(Collected data entries)
↓↓↓
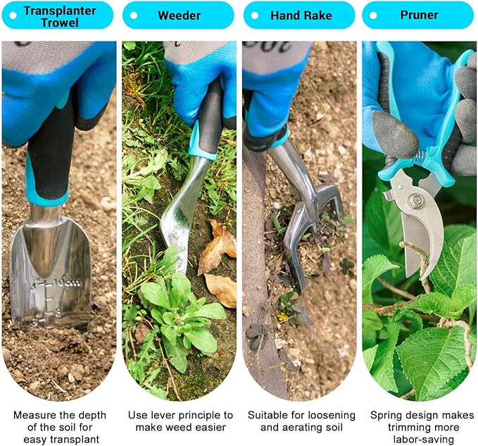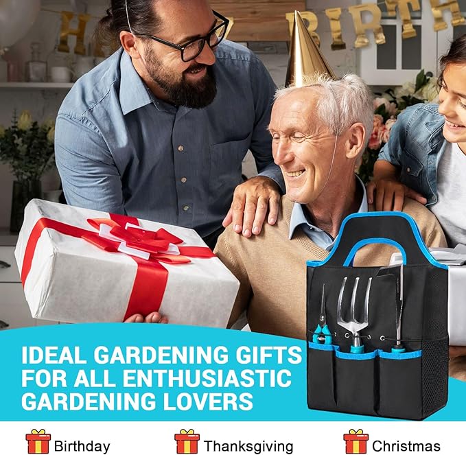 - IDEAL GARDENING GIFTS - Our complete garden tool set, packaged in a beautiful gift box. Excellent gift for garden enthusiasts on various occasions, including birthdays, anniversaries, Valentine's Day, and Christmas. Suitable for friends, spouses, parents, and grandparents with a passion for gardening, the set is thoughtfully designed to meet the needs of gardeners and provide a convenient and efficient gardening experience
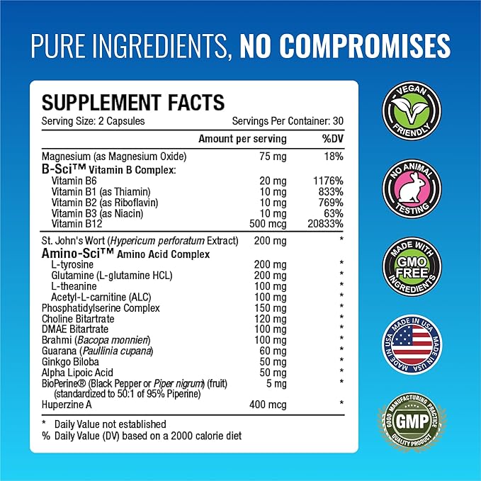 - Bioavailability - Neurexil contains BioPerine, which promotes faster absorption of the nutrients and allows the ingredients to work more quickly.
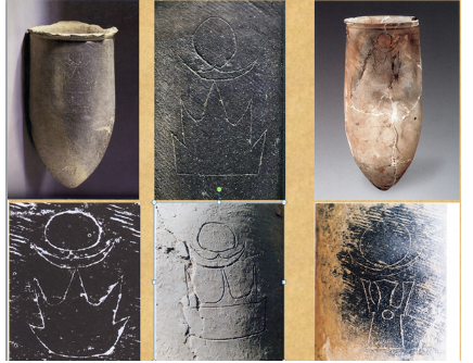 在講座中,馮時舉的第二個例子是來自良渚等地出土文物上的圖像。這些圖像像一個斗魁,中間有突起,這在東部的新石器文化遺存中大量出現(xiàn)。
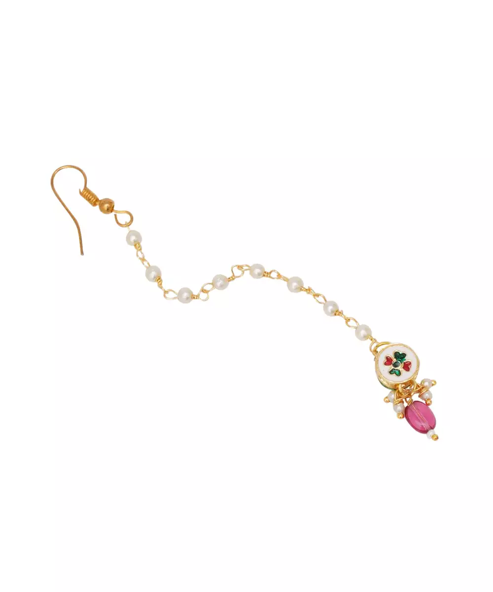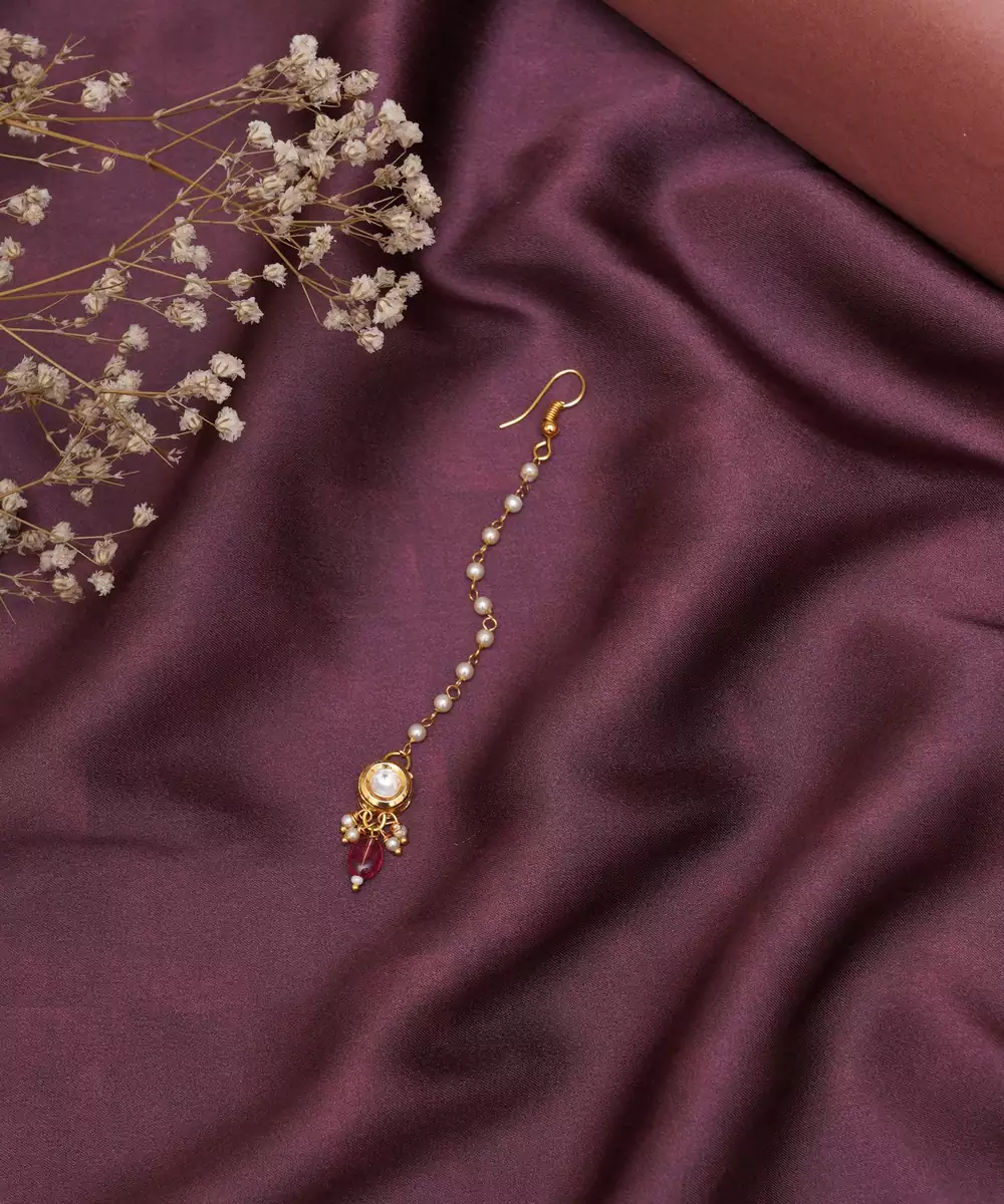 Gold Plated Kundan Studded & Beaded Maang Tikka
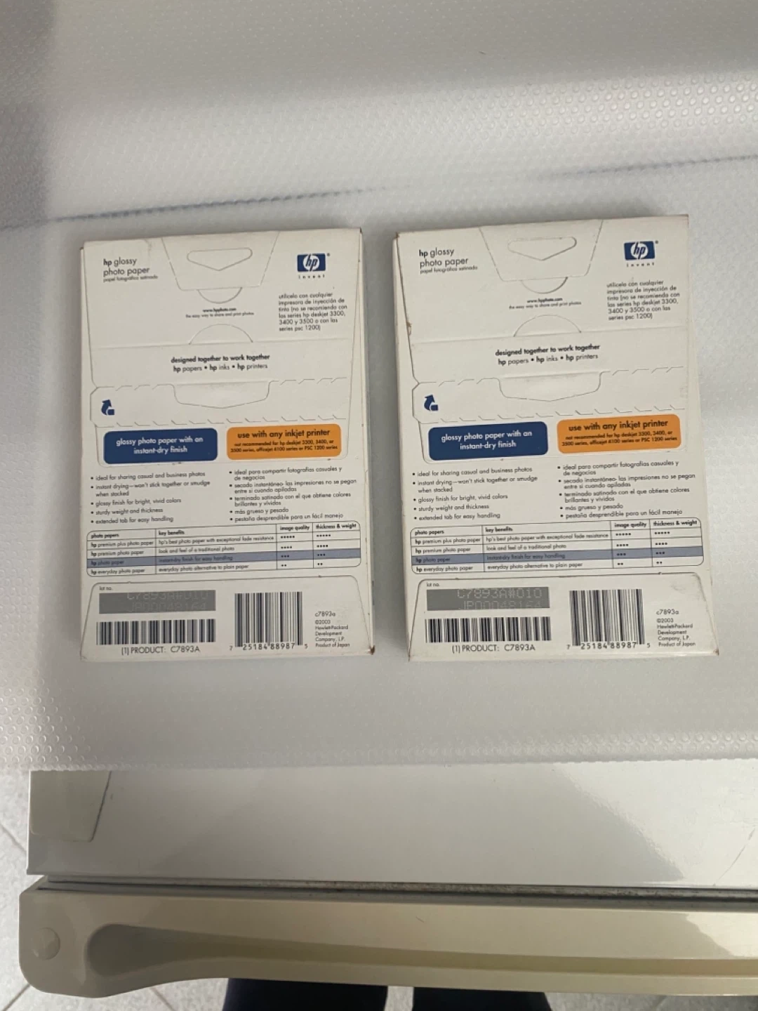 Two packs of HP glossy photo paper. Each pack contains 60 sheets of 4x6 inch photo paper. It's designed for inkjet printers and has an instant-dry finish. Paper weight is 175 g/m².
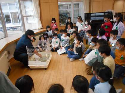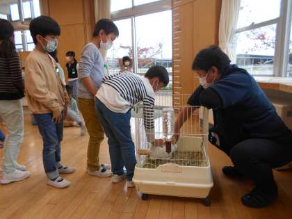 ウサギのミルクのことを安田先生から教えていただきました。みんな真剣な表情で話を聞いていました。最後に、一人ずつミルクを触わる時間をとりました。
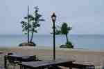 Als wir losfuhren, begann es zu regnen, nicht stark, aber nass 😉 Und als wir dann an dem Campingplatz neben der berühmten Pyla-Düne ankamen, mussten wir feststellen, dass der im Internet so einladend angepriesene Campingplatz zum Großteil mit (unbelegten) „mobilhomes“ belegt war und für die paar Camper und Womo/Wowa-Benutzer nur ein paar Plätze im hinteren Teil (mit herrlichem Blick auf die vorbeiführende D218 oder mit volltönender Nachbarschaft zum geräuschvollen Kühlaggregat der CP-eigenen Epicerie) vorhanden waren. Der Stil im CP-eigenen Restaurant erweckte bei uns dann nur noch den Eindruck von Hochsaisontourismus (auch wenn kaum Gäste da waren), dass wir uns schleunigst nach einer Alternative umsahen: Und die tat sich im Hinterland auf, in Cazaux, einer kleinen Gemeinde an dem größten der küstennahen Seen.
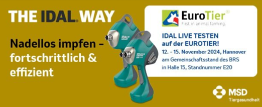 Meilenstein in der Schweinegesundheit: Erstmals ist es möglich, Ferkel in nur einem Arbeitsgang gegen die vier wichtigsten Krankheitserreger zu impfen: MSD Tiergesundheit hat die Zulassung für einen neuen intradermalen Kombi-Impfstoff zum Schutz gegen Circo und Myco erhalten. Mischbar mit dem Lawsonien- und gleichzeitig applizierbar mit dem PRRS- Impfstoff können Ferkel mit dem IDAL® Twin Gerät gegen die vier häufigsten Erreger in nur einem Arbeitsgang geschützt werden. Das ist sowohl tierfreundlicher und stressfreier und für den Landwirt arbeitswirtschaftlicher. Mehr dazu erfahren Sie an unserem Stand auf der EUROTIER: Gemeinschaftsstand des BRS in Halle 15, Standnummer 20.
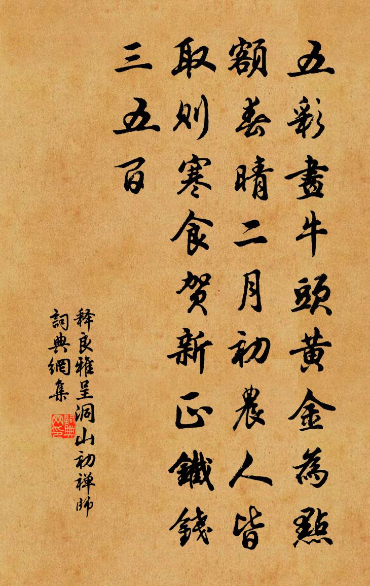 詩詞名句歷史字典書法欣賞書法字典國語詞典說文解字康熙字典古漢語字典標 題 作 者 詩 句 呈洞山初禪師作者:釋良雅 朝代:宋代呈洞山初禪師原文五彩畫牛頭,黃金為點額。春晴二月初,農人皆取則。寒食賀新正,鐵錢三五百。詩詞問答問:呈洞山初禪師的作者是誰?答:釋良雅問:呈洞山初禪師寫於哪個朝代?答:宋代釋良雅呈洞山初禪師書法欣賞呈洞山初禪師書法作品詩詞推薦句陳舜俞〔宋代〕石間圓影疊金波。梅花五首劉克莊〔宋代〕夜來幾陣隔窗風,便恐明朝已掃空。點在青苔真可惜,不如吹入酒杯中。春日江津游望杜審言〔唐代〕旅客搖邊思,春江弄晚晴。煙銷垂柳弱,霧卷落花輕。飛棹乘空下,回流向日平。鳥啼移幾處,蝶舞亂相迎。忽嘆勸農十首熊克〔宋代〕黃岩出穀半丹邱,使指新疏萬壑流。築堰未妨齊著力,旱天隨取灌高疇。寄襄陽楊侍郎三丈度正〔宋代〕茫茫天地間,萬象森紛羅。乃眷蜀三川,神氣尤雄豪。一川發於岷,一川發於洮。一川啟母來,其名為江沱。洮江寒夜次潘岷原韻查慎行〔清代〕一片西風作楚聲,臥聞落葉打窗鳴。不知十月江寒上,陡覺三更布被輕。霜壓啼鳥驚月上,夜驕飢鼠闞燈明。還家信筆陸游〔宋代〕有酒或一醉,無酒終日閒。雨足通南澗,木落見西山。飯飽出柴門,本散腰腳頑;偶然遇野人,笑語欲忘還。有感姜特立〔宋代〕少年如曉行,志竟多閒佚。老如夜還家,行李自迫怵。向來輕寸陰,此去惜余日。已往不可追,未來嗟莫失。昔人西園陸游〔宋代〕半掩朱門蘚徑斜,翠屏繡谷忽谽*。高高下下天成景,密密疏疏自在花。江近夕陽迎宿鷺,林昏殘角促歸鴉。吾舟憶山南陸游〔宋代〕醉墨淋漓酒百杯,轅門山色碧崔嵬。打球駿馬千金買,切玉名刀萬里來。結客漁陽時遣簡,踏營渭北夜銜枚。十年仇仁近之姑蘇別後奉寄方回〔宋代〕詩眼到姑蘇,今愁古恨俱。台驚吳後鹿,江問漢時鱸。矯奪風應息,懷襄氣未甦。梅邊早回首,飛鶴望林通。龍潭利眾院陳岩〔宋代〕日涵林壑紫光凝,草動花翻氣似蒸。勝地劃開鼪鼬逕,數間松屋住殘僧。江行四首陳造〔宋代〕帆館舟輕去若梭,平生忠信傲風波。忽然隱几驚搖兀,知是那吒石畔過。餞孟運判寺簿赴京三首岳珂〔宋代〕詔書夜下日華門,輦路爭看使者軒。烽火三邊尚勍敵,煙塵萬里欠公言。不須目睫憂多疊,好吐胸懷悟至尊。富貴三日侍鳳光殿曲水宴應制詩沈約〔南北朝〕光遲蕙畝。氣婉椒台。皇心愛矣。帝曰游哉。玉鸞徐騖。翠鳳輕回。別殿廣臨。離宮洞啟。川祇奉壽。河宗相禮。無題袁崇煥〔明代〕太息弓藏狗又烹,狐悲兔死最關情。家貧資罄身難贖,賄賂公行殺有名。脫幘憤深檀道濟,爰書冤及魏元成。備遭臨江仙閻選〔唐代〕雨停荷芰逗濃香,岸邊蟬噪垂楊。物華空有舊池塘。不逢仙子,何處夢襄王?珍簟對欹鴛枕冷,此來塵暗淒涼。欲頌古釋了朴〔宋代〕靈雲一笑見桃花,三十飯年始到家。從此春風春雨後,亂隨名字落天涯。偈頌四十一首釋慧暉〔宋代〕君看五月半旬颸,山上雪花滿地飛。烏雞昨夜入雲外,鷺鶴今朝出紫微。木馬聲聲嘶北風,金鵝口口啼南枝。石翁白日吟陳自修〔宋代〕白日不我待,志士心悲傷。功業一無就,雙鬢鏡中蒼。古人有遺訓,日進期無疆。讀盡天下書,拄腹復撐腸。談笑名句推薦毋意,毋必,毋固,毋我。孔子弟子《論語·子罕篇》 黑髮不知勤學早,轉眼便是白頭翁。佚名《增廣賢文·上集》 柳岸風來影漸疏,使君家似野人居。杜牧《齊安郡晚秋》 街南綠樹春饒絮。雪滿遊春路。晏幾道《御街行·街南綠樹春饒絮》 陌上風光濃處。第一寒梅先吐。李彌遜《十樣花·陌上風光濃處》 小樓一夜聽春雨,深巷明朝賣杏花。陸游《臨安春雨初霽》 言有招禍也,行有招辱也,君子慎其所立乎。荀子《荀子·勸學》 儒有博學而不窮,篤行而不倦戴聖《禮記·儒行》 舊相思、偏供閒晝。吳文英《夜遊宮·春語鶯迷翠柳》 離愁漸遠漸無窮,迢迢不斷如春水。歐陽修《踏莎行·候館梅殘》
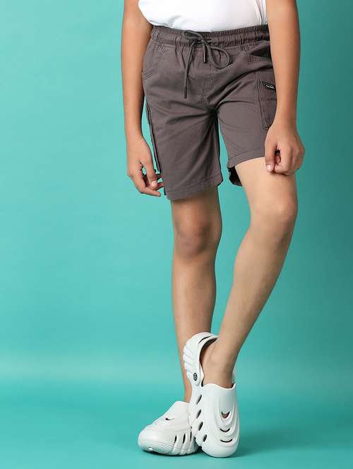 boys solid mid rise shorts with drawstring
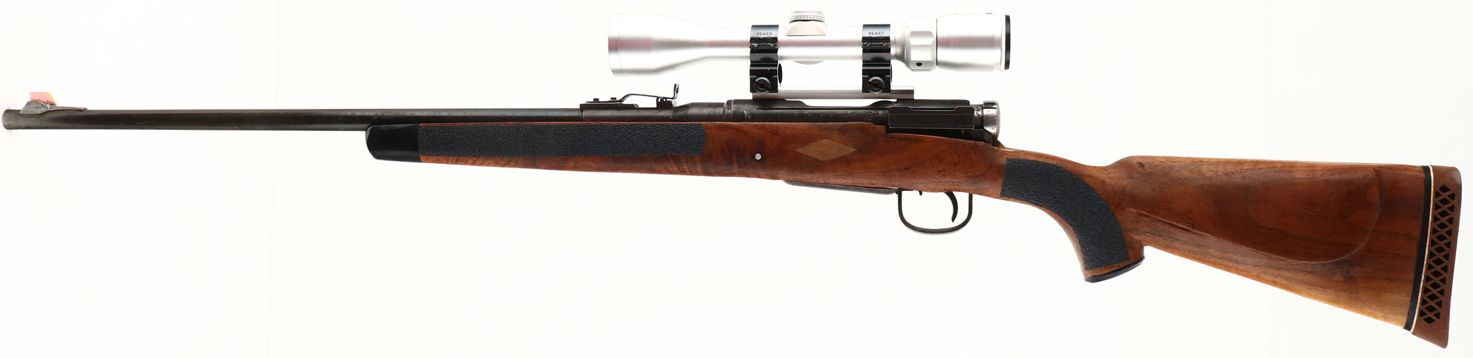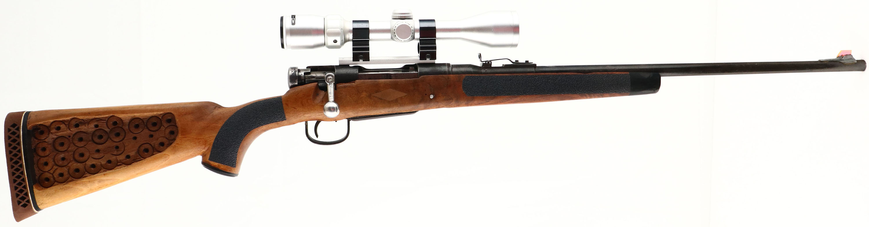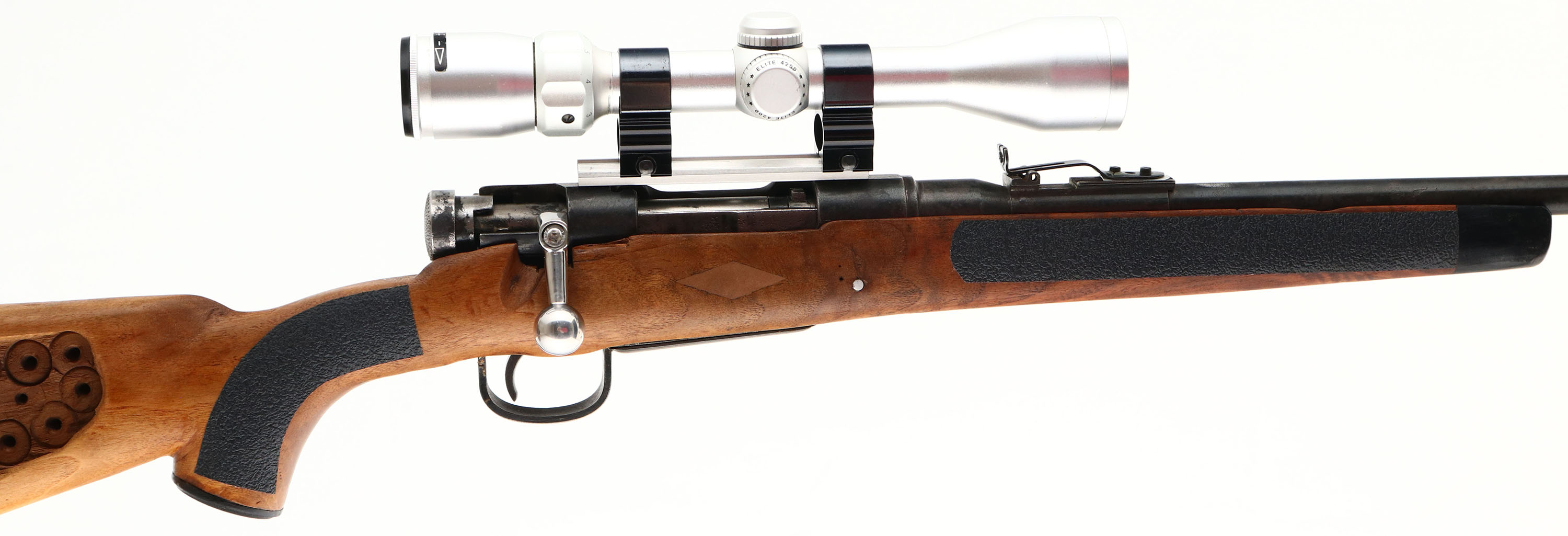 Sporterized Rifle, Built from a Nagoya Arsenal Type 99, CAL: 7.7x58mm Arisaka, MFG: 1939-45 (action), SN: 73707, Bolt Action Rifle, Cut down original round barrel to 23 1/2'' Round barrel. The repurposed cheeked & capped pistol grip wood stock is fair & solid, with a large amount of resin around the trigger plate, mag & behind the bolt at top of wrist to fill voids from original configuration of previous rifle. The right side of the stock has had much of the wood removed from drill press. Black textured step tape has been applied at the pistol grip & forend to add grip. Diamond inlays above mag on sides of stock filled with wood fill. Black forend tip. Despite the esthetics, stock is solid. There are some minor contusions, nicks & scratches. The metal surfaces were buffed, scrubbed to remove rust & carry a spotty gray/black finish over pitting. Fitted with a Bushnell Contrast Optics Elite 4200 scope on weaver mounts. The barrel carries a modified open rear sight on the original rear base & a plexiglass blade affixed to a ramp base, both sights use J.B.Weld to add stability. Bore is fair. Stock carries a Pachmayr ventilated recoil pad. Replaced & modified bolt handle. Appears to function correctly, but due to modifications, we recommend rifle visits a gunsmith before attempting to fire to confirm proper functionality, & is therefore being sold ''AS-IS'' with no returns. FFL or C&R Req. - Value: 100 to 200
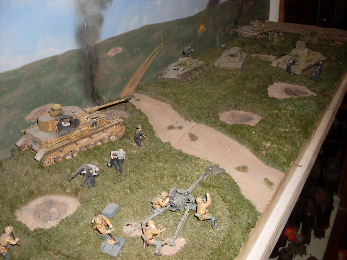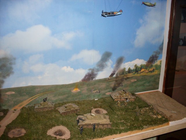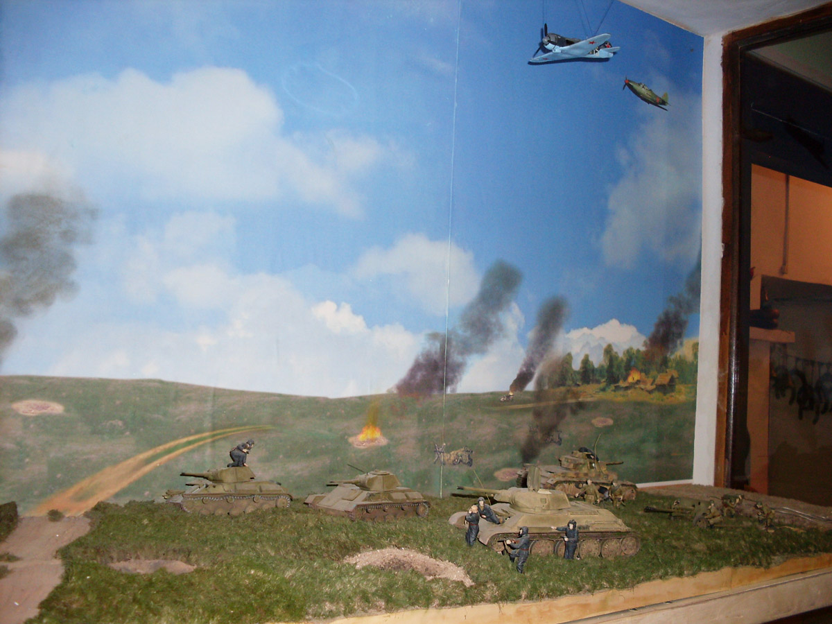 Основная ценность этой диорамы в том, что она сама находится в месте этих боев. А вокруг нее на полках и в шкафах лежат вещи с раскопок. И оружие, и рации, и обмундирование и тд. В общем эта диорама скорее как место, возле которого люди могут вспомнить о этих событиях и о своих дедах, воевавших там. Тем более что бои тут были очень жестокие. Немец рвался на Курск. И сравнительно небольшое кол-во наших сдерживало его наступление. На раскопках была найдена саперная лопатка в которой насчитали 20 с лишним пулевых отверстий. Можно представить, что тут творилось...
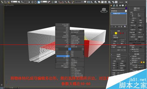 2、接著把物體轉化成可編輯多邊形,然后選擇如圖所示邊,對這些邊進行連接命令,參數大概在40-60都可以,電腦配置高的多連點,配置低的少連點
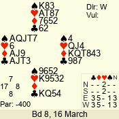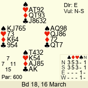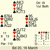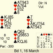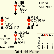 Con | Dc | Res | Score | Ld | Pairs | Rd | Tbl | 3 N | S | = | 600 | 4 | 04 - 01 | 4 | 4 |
↑↑↑
**Required work**
Repeat only the lines between the start of the data and the line with "在講座中,馮時舉的第二個例子", including those two lines, and skip the pictures.

**Result below**
 - IDEAL GARDENING GIFTS - Our complete garden tool set, packaged in a beautiful gift box. Excellent gift for garden enthusiasts on various occasions, including birthdays, anniversaries, Valentine's Day, and Christmas. Suitable for friends, spouses, parents, and grandparents with a passion for gardening, the set is thoughtfully designed to meet the needs of gardeners and provide a convenient and efficient gardening experience
 - Bioavailability - Neurexil contains BioPerine, which promotes faster absorption of the nutrients and allows the ingredients to work more quickly.
 在講座中,馮時舉的第二個例子是來自良渚等地出土文物上的圖像。這些圖像像一個斗魁,中間有突起,這在東部的新石器文化遺存中大量出現(xiàn)。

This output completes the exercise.